● **ASSIGNMENT**
In the entries below, find the line containing "Содержание; Сыр Моцарелла, Соус" and the line containing "朝マヅメから9時までは型狙い". Copy those two lines and everything between them exactly, and only that.

● **PROVIDED DATA**
====================

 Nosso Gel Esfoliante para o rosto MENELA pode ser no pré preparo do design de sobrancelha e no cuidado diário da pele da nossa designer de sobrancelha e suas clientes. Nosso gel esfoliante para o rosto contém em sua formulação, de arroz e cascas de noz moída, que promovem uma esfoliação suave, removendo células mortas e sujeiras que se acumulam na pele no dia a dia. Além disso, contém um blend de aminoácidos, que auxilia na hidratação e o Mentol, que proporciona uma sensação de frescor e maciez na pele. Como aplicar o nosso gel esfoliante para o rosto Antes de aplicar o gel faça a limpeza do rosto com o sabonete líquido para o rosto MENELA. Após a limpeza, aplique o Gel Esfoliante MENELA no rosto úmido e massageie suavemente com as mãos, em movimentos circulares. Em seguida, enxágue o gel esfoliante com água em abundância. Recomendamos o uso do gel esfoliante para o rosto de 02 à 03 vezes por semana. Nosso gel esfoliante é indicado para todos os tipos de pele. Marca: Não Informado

====================

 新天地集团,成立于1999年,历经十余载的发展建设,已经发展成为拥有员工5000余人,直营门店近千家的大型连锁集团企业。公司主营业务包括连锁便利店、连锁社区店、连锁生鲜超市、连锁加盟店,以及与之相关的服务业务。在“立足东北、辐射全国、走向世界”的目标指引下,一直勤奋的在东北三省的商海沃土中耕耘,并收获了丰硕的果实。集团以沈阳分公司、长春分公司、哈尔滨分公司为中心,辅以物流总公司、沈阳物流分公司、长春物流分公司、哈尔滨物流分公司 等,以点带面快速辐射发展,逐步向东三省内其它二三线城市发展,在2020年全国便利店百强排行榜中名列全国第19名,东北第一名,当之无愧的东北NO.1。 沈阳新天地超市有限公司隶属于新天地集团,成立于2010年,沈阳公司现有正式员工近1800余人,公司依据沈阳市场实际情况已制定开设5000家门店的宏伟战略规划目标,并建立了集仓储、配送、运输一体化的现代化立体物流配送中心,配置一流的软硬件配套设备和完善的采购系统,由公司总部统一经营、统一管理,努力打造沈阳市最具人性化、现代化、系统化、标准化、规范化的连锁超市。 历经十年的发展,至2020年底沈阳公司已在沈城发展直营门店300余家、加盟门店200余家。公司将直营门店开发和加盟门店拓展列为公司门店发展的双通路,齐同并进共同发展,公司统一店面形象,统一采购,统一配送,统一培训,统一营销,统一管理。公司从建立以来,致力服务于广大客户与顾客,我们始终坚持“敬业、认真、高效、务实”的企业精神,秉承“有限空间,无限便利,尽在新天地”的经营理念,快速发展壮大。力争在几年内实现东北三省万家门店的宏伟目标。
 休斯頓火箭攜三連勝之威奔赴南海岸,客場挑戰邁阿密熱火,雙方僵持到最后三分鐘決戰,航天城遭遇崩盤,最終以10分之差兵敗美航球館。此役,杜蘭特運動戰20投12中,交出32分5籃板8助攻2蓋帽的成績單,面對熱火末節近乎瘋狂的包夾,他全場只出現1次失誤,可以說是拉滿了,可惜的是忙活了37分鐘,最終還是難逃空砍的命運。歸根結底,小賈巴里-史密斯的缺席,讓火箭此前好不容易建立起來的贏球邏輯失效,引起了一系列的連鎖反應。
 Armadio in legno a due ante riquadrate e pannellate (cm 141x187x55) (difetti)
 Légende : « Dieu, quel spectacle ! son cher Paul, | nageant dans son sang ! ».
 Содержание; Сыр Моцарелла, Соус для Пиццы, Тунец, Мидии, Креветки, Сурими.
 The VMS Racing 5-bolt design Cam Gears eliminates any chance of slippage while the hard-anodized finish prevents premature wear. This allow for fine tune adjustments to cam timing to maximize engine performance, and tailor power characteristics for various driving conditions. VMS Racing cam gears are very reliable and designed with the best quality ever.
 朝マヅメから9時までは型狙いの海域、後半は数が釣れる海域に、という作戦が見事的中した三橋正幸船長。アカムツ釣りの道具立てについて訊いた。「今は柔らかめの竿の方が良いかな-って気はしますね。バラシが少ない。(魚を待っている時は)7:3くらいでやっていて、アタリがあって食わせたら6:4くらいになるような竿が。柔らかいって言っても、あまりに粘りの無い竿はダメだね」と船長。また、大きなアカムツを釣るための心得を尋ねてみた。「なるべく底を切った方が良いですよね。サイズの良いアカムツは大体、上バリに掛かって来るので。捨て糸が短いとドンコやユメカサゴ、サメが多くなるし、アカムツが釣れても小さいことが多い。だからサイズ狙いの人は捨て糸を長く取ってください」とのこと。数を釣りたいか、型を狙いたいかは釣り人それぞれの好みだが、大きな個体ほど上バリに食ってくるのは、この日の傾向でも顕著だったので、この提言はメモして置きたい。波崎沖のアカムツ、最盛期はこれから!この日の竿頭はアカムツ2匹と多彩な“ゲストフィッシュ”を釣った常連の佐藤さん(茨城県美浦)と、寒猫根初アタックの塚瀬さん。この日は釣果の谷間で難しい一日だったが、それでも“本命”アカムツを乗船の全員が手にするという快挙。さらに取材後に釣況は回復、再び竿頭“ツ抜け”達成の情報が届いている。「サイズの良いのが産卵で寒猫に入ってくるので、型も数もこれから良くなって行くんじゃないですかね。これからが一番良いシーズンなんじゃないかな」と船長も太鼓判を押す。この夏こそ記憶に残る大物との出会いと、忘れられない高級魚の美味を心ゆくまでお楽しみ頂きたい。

====================

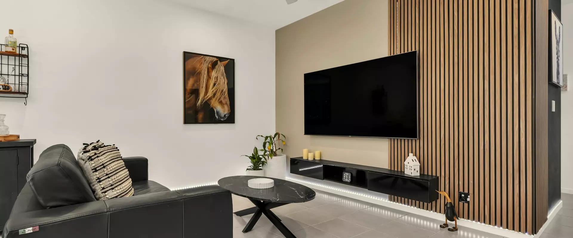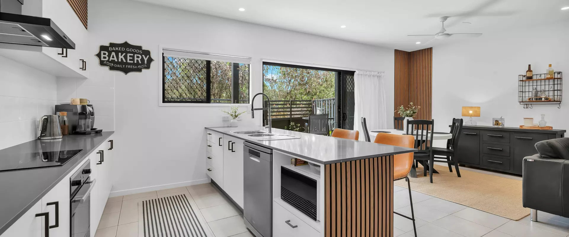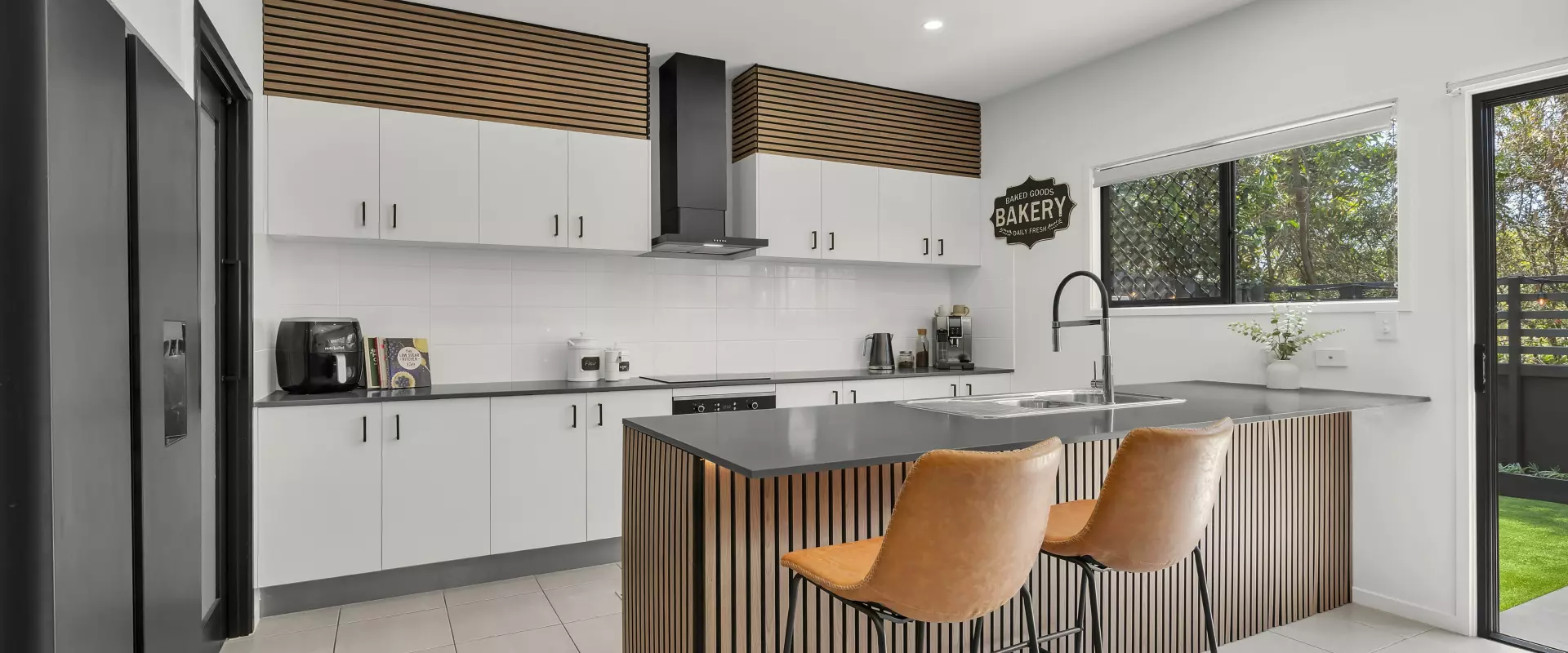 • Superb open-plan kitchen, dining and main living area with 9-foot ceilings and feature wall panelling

====================

● **WRITTEN RESPONSE**
 Содержание; Сыр Моцарелла, Соус для Пиццы, Тунец, Мидии, Креветки, Сурими.
 The VMS Racing 5-bolt design Cam Gears eliminates any chance of slippage while the hard-anodized finish prevents premature wear. This allow for fine tune adjustments to cam timing to maximize engine performance, and tailor power characteristics for various driving conditions. VMS Racing cam gears are very reliable and designed with the best quality ever.
 朝マヅメから9時までは型狙いの海域、後半は数が釣れる海域に、という作戦が見事的中した三橋正幸船長。アカムツ釣りの道具立てについて訊いた。「今は柔らかめの竿の方が良いかな-って気はしますね。バラシが少ない。(魚を待っている時は)7:3くらいでやっていて、アタリがあって食わせたら6:4くらいになるような竿が。柔らかいって言っても、あまりに粘りの無い竿はダメだね」と船長。また、大きなアカムツを釣るための心得を尋ねてみた。「なるべく底を切った方が良いですよね。サイズの良いアカムツは大体、上バリに掛かって来るので。捨て糸が短いとドンコやユメカサゴ、サメが多くなるし、アカムツが釣れても小さいことが多い。だからサイズ狙いの人は捨て糸を長く取ってください」とのこと。数を釣りたいか、型を狙いたいかは釣り人それぞれの好みだが、大きな個体ほど上バリに食ってくるのは、この日の傾向でも顕著だったので、この提言はメモして置きたい。波崎沖のアカムツ、最盛期はこれから!この日の竿頭はアカムツ2匹と多彩な“ゲストフィッシュ”を釣った常連の佐藤さん(茨城県美浦)と、寒猫根初アタックの塚瀬さん。この日は釣果の谷間で難しい一日だったが、それでも“本命”アカムツを乗船の全員が手にするという快挙。さらに取材後に釣況は回復、再び竿頭“ツ抜け”達成の情報が届いている。「サイズの良いのが産卵で寒猫に入ってくるので、型も数もこれから良くなって行くんじゃないですかね。これからが一番良いシーズンなんじゃないかな」と船長も太鼓判を押す。この夏こそ記憶に残る大物との出会いと、忘れられない高級魚の美味を心ゆくまでお楽しみ頂きたい。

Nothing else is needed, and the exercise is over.